How a chemist became the first German female professor

V100 years ago there were no programs to promote women in science. Nevertheless, she made it: against much resistance, the German-Baltic chemist and botanist Margarete Baroness von Wrangell became the first full professor in Germany. The admission of women to university studies was less than a quarter of a century ago: in 1900, the Grand Duchy of Baden was the first country to allow female students to enroll. Bavaria followed, and from 1904 women were also able to study at the Württemberg universities. Margarete von Wrangell enrolled at the Eberhard Karls University in Tübingen in 1904 and completed her studies with a doctoral thesis in chemistry, summa cum laude. She then became one of the first German chair assistants and in 1923 – against the will of many male colleagues – full professor at the then Agricultural Academy in Hohenheim and head of the Institute for Plant Nutrition.
Wrangell’s appointment had been the subject of heated debate in the university’s senate: at the senate meeting, the geologist Felix Plieninger asked whether a woman would be able to head an institute with male staff. With the personnel proposal, the teachers’ convention was placed in a predicament that was “quite bad”. The hostilities did not stop even after Margarete von Wrangell was appointed, they even went as far as allegations of plagiarism. So to this day the question remains as to why she in particular managed to become a professor. The rise of Wrangells is astonishing: she entered the deeply bourgeois university world as a noblewoman, she had grown up in Moscow and what was then Reval and was therefore not even from Württemberg. Throughout her life she did not shy away from questioning established doctrines.
“I have many struggles in my profession,” wrote Margarete von Wrangell in 1923. “I am the first full female professor in Germany. I have also been publicly recognized by some scientific greats. This has earned me the enmity of many; but my institute is a creation that will remain of enduring value and benefit.”
She had political flair
The Baden-Württemberg Science Minister Petra Olschowski (Greens) and Federal Research Minister Bettina Stark-Watzinger (FDP) honored the scientist on Monday with a ceremony in the ballroom of today’s University of Hohenheim. The Heidelberg social historian Katja Patzel-Mattern held the keynote speech. She has delved deeply into the life and political circumstances of the Wrangells’ appointment. There are personal and structural reasons for her success: “Due to her origins in the Baltic nobility, she had the material means to spend time abroad, for example. She was familiar with science because there were other scientists in the family. She was also assertive and good at building networks.” There was something else: Margarete von Wrangell had a political flair.

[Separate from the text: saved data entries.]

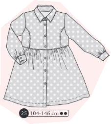 25-Polina 10 décembre 2025 Robe avec col et pied de col, manches longues boutonnées aux poignets. Boutonné devant Disponible en 104-110-116-122-128-134-140-146 cm 01/2013 Précédent 24-Natalia Plus récent 26-Chillax
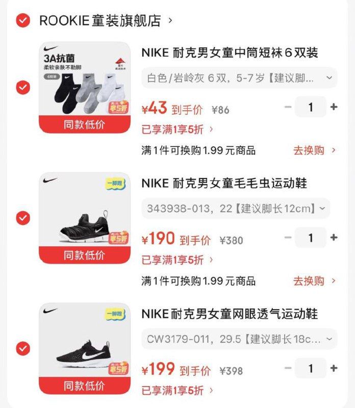 耐克儿童短袜6双装43亓
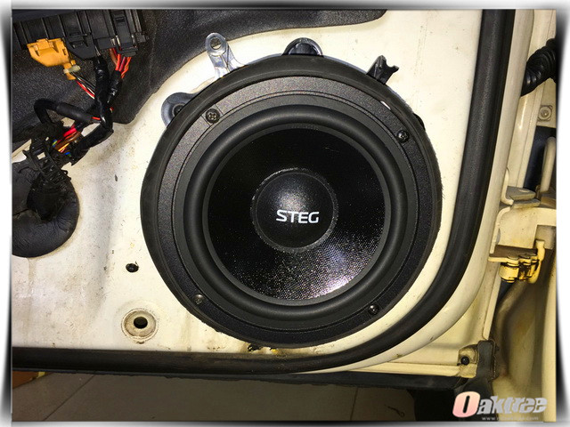 车主在平时比较喜欢听流行音乐,因此开平桥升的改装技师,将汽车的前声场喇叭替换成了史太格 STEG ST650C,它的高音单元使用了太空铝阳极高音外壳,这既增加了其耐用性,同时也让高频部分播放出来的高频通透亮丽;它的中低音采用了特殊配方的纸质音盆+专用橡胶磁钢套进口橡胶边,从而让汽车播放出来的中低音真实细腻,饱满有力。
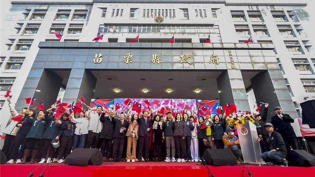 為迎接馬年到來,苗栗縣政府1日在縣府前廣場舉行元旦升旗典禮。縣府近年採「鄉鎮巡迴」方式辦理,去年在苑裡鎮舉辦,今年回到縣府廣場,吸引大批民眾一早到場,共同迎接新年的第一道曙光。縣長鍾東錦表示,馬年象徵
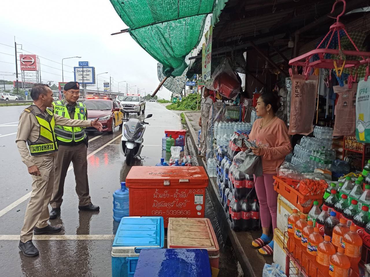 หมวดทางหลวงบางกะจะ ดำเนินการจัดระเบียบ แจ้งเตือน และทำความเข้าใจ แก่ผู้ประกอบการที่ตั้งวางขายสินค้าในเขตทางหลวง
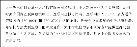 太平洋电信持有可覆盖中国大陆的IP***牌照(除新疆和西藏),支持 6 个 CoS,在全国各地39个主要城市拥有49个网络节点,其中上海本地就拥有4个,新推出的上海数据中心就是其中一个核心网络节点,支持各种主流专线接入方式,还可根据高安全性需求的客户如金融客户提供高品质链路。在跨境网络方面,通过与澳大利亚电信等国际电信运营商的深度合作,太平洋电信可提供大容量跨境专线服务,帮助企业实现全球业务数据的高速传输。
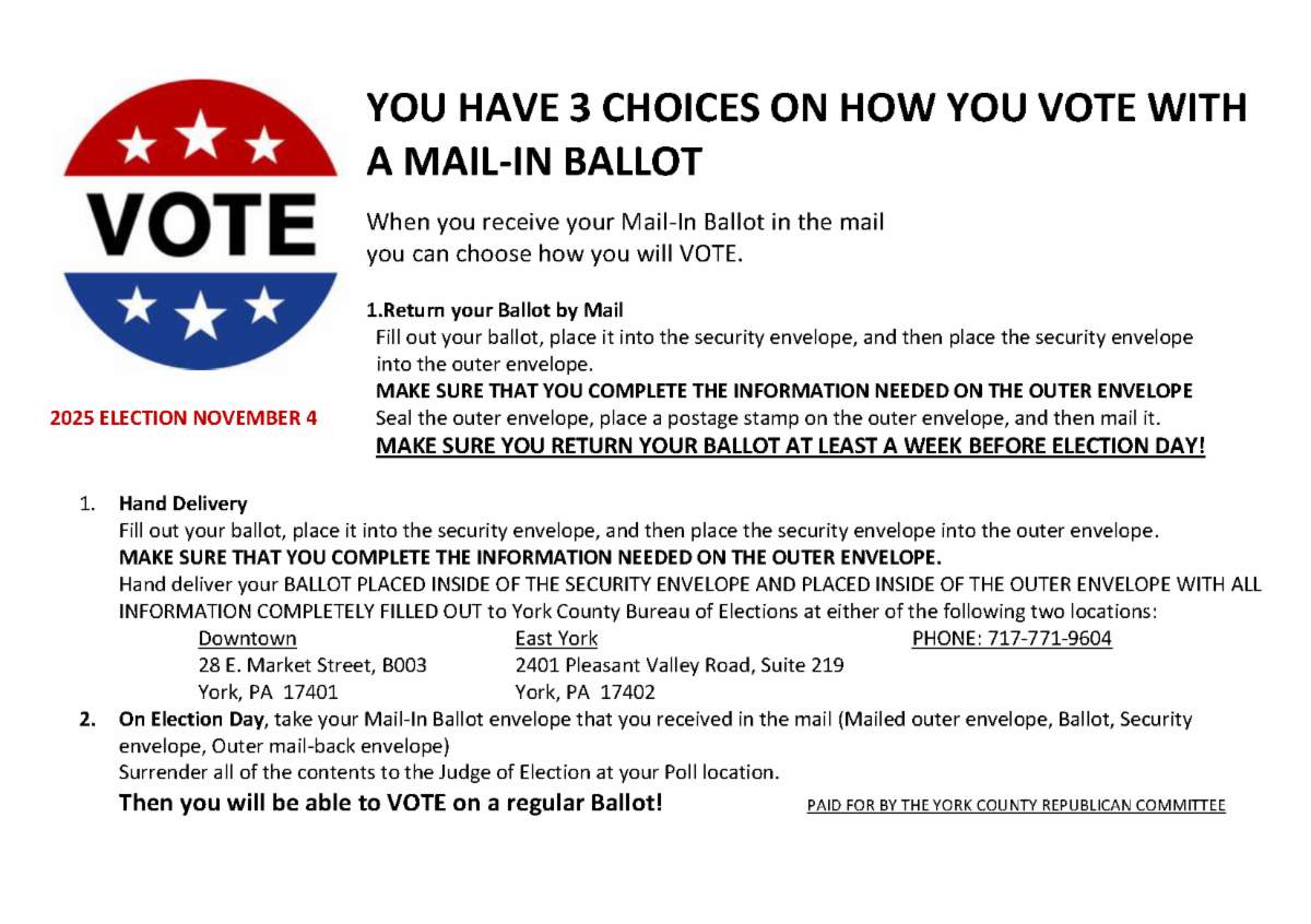 For any inquiries or assistance regarding voter registration, voting, and polling information, we encourage you to reach out to the York County Republican Committee at 717-854-7276.
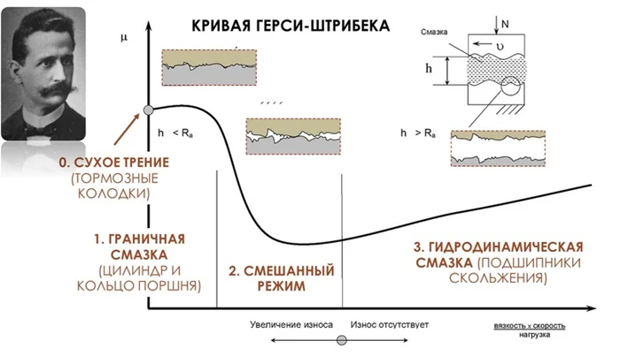 Так вот, при разных скоростях работы, нагрузке на деталях и разных смазках, коэффициент трения выстаивался в красивую кривую на графике, где четко выделялись отдельные области. Это наблюдение привело к разработке одной самой понятной и известной диаграммы в области трибологии — кривой Герси-Штрибека. У нас принято говорить просто кривая Штрибека.
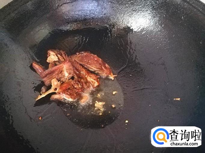 上炒菜锅,加入适量的植物油烧热,倒入融化后的熟鸭肉一起爆炒片刻。
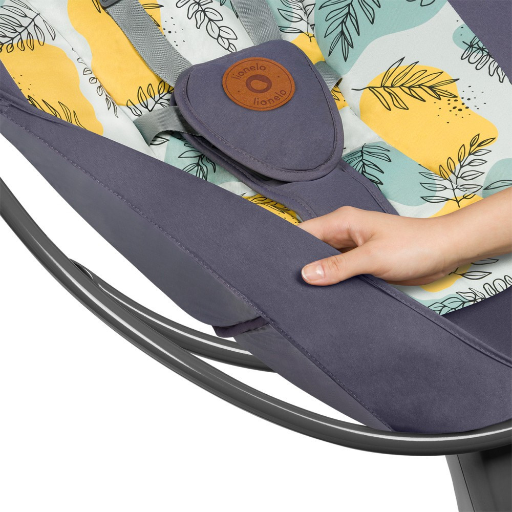 A Lionelo Ralf rocker-pattanó széles, megfelelően profilozott üléssel van felszerelve, a kisgyermek fejét pedig puha párna védi . Koszosodás esetén a huzat könnyen eltávolítható és mosható, maga a termék pedig könnyű súlyának köszönhetően könnyedén mozgatható szobáról szobára.
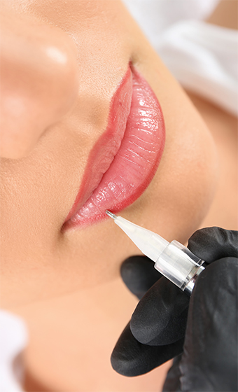 - Pigmentation à l’aide d’un dermographe, le professionnel insère les pigments dans la peau
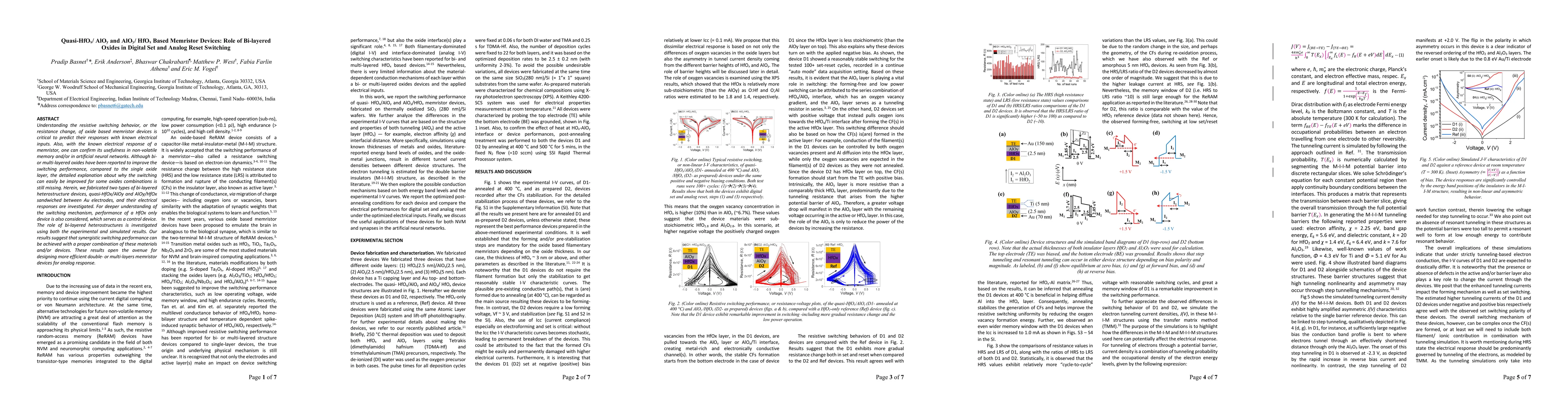 Understanding the resistive switching behavior, or the resistance change, of oxide-based memristor devices, is critical to predicting their responses with known electrical inputs. Also, with the known electrical response of a memristor, one can confirm its usefulness in non-volatile memory and/or in artificial neural networks. Although bi- or multi-layered oxides have been reported to improve the switching performance, compared to the single oxide layer, the detailed explanation about why the switching can easily be improved for some oxides combinations is still missing. Herein, we fabricated two types of bi-layered heterostructure devices, quasi-HfO$_x$/AlO$_y$ and AlO$_y$/HfO$_x$ sandwiched between Au electrodes, and their electrical responses are investigated. For a deeper understanding of the switching mechanism, the performance of a HfOx only device is also considered, which serves as a control device. The role of bi-layered heterostructures is investigated using both the experimental and simulated results. Our results suggest that synergistic switching performance can be achieved with a proper combination of these materials and/or devices. These results open the avenue for designing more efficient double- or multi-layers memristor devices for an analog response.

After the defeat in World War I, there was great political interest in solving food security issues in the still young Weimar Republic. Germany was cut off from foreign markets. Hunger and poverty were direct consequences of the war, and food was still rationed after the war ended. Due to hyperinflation, 1923 was the crisis year par excellence for the first German republic. Von Wrangell knew how to take advantage of the food supply issue. “She was good at selling herself and conveying the value of her scientific research to society,” says Patzel-Mattern. The chemist researched artificial fertilization. The question was how plant growth could be accelerated without phosphate fertilizers, which Germany could not import at the time. However, their method of better exploiting the phosphates present in the soil was not so easy to reproduce later.
100 years after von Wrangell’s appointment, the proportion of female professors at German universities is still only a quarter. “We need such role models, support measures and flexible qualification plans,” says Patzel-Mattern. “Women also need networks – and they have to make it clear where they want to go with their science.”